Another example of custom rule is the registration of Azure Redis Cache, which if not present an in memory cache is registered. This reduces costs when running the application in a local development environment.

public static DependencyDescriptorBuilder UseCache(this DependencyDescriptorBuilder builder, string redisConfigKey)
 {
     var redisConfigs = builder.Configuration.GetValue<string>(redisConfigKey);

     if (string.IsNullOrEmpty(redisConfigs))
     {
         builder.ServiceCollection.AddDistributedMemoryCache();
         return builder;
     }

     builder.ServiceCollection.AddStackExchangeRedisCache(options =>
     {
         options.Configuration = redisConfigs;
         options.InstanceName = "AppCache";
     });

     return builder;
 }

During the years in many project found a large variety use cases which I solved with this extension build in top of Microsoft’s Microsoft.Extensions.DependencyInjection library, here are a few:

1. Support for the Decorator design pattern, to implement caching and exception handling.
2. Isolating tenant specific logic in a multi-tenant application by using service replacements for certain dependencies, without any reference from the tenant agnostic code.
3. Isolating code resolving backwards compatibility for a given api version, without any reference from other versions.
4. Implement the Service Locator pattern with the possibility to controll the number of dependencies resolved based on filtering condition (scope).
5. Implement advanced DI logic while keeping the business domain agnostic of it, just decorating objects with attributes and implementing interfaces.
6. Fast and lightweight convention based dependency registration for serverless azure functions that require reduced warm-up time.
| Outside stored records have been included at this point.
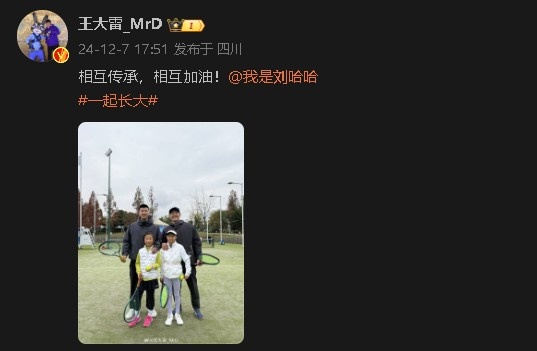 12月7日訊 泰山隊門將王大雷更新社媒,曬出他和劉殿座以及孩子們打網(wǎng)球的合照+附文:相互傳承,相互加油!
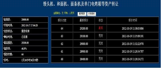 青海省产权交易市场于2012年10月19日对青海省西宁监狱馒头机、和面机、面条机及单门电烤箱等资产进行转让(项目GC12QH030135),经过多轮竞价,评估价为2万元的资产最终以2.92万元成交,增值近万元,增值率达到46%,网络竞价取得圆满成功。
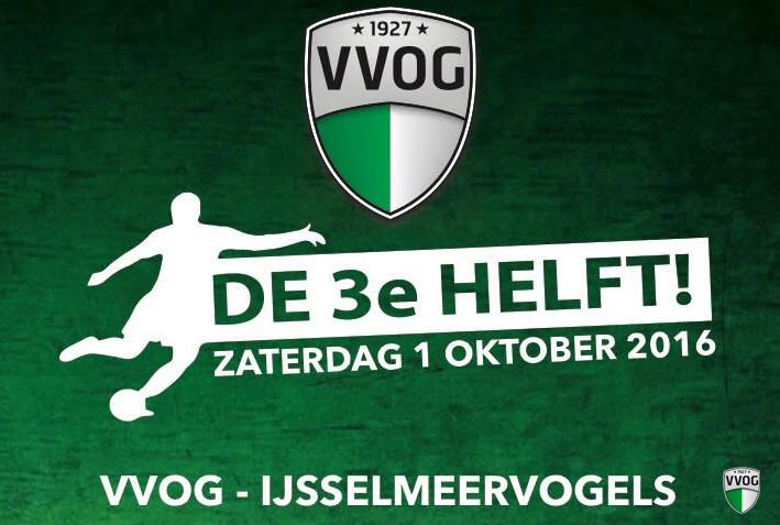 De wedstrijd zal aanvangen om 14.30 uur. Wij willen jullie allemaal van harte uitnodigen om de primeur mee te maken van de voor VVOG nieuwe “De Derde Helft”. Na het laatste fluitsignaal zal het feest in de kantine losbarsten onder leiding van 2 echte feestartiesten. De kantine zal tijdens “De Derde Helft” openblijven tot 21.00 uur. We rekenen op jullie aanwezigheid ! De toegang is gratis.
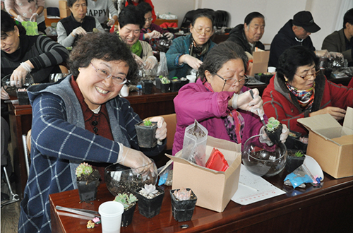 此次培训,特邀丰台花园艺雅苑巧娘工作室的老师进行授课。老师首先向大家介绍了多肉植物的种类、适宜的环境、养护方法等基本知识,大家听的非常认真并做了笔记。接下来就是大家最喜欢的环节,自己动手组合种植多肉植物。按照老师的教学步骤,大家分别对多肉植物进行整理根部、搭配组盆、安放漏网、填土种植、铺面装饰,将各种不同的多肉植物组合搭配在一起。大家边做边交流,并与指导老师一起探讨方法,经过巧娘们的精心设计,一盆盆造型精致、充满春天气息的盆景呈现在眼前,大家看着自己劳动成果喜笑颜开。
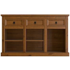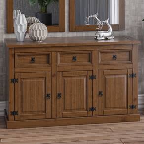 Eleve o nível da sua sala de jantar com o Aparador Buffet Majestic!Uma peça de grande capacidade, com 3 portas de design almofada em alto-relevo, 3 gavetas e prateleira interna você poderá organizar louças, talheres, toalhas e itens de mesa posta com uma eficiência nunca vista. Além disso, a combinação do ferro fundido nos puxadores com a madeira maciça cria um móvel incrivelmente resistente e estiloso, ideal para quem não abre mão de praticidade e um visual rústico e aconchegante. Tenha tudo à mão para suas refeições especiais e garanta momentos Majestic!
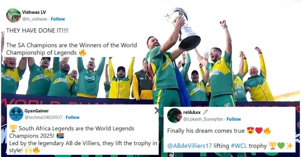 AB de Villiers Left a storm that left Pakistan champion Shocking and finding answers in the last performance World Championship of Legends (WCL) 2025. Displaying Vintage Flair and Fearless Strokeplays, South African Legends easily followed, directed their team to win 9-cicat and in fact sealing the title in major fashion.
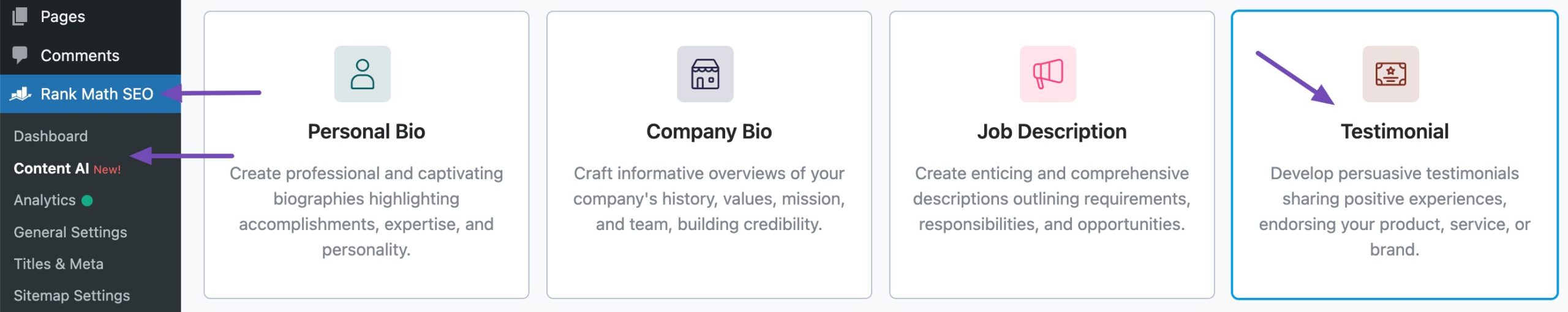 You can use our Testimonial AI tool to create testimonials. Select the Testimonial tool by navigating to Rank Math SEO → Content AI → AI Tools from your WordPress dashboard.
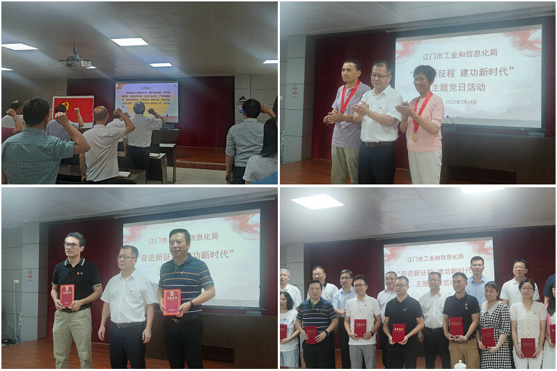 7月14,举办了“奋进新征程建功新时代”主题党日活动。活动中,组织党员集体过“政治生日,全体党员面对党旗重温了入党誓词,铭记入党初心,牢记为民使命。局党组书记、局长李健中向容敏坚、张佩江两位老党员颁发“光荣在党50年”纪念章;表彰了2022年度2名优秀党支部书记和18名优秀等次党员,以老党员、优秀党员对党无比忠诚和爱岗敬业精神教育党员。李健中同志还围绕深入学习贯彻习近平总书记视察广东重要讲话重要指示精神,为党员讲授了“牢记嘱托在新征程上作出新贡献、展现新担当”主题党课,引导党员切实把对总书记的感恩感激之情转化为做好工作的强大动力,以更饱满的精神状态、更务实有力的举措推动我市制造业高质量发展。
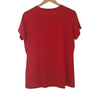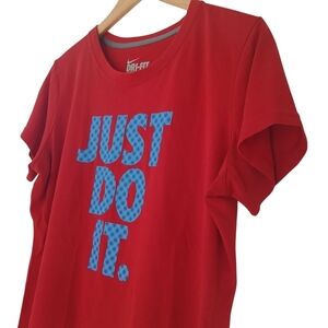 Bright Red Nike t-shirt featuring a bold Blue 'Just Do It' graphic in a Slim Fit
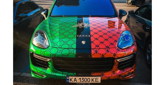 Кроссовер Porsche Cayenne Дениса Поветкина ранее неоднократно видели на улицах Киева. Автомобиль выделялся своей оригинальной красно-зеленой раскраской с узором и надписями Gucci.
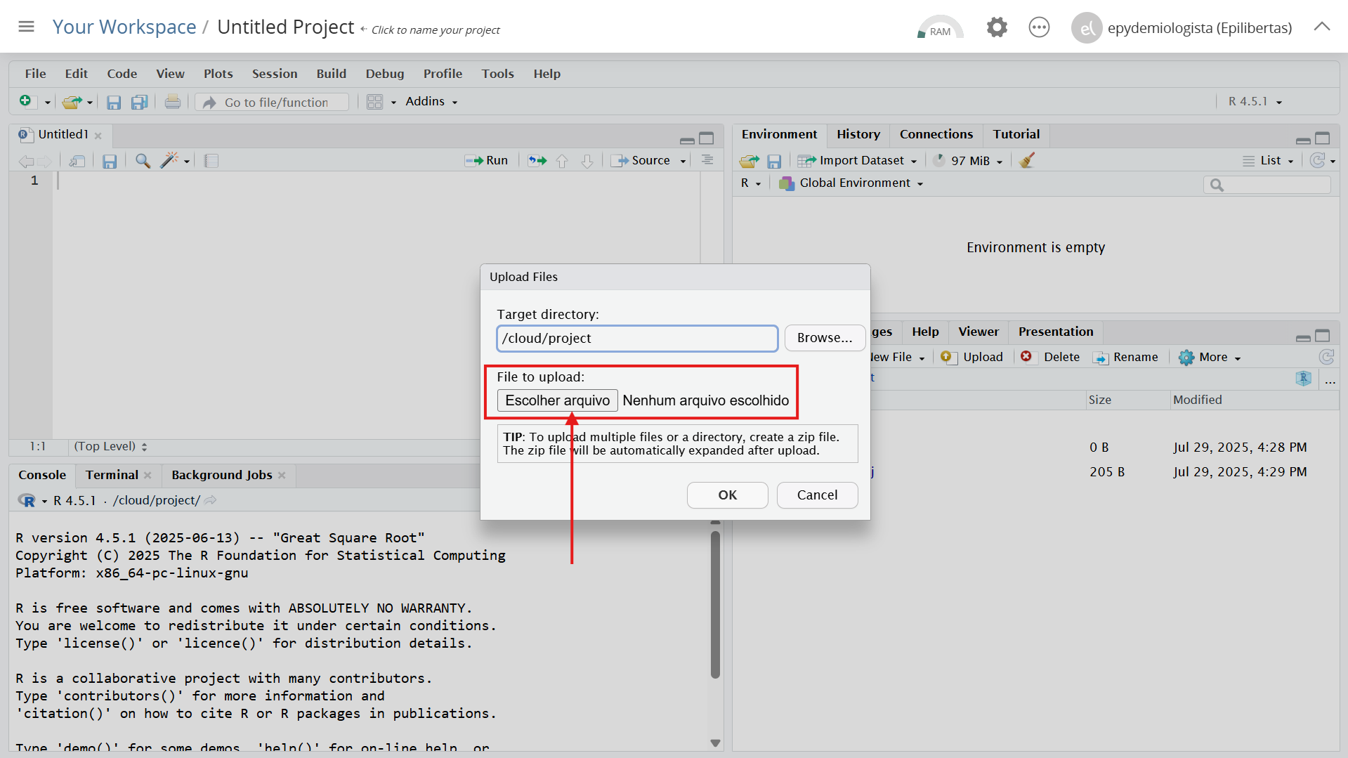 No canto inferior direito (Quadrante 4), clique em Upload para enviar o arquivo de dados para o RStudio Online.

Applying convention based dependency registration is not only reducing DI logic dramatically, but also reduces the risk of referencing a dependency which is not registered in the container. This because if you can reference the type, means that it’s in  referenced assembly which is getting to be scanned on startup, and from that point you only have to make sure it has an actual implementation with an attribute or interface. The rest of the settings you have to do only once.

Although the source code in my git repository is a complete solution and I’ve been using it for years, it’s not a refined product! Its purpose is to showcase a concept of an abstraction and serve the baseline of an implementation by taking and adapting the source code, rather than trying to implement many unused features and become heavier and slower like existing products on the market.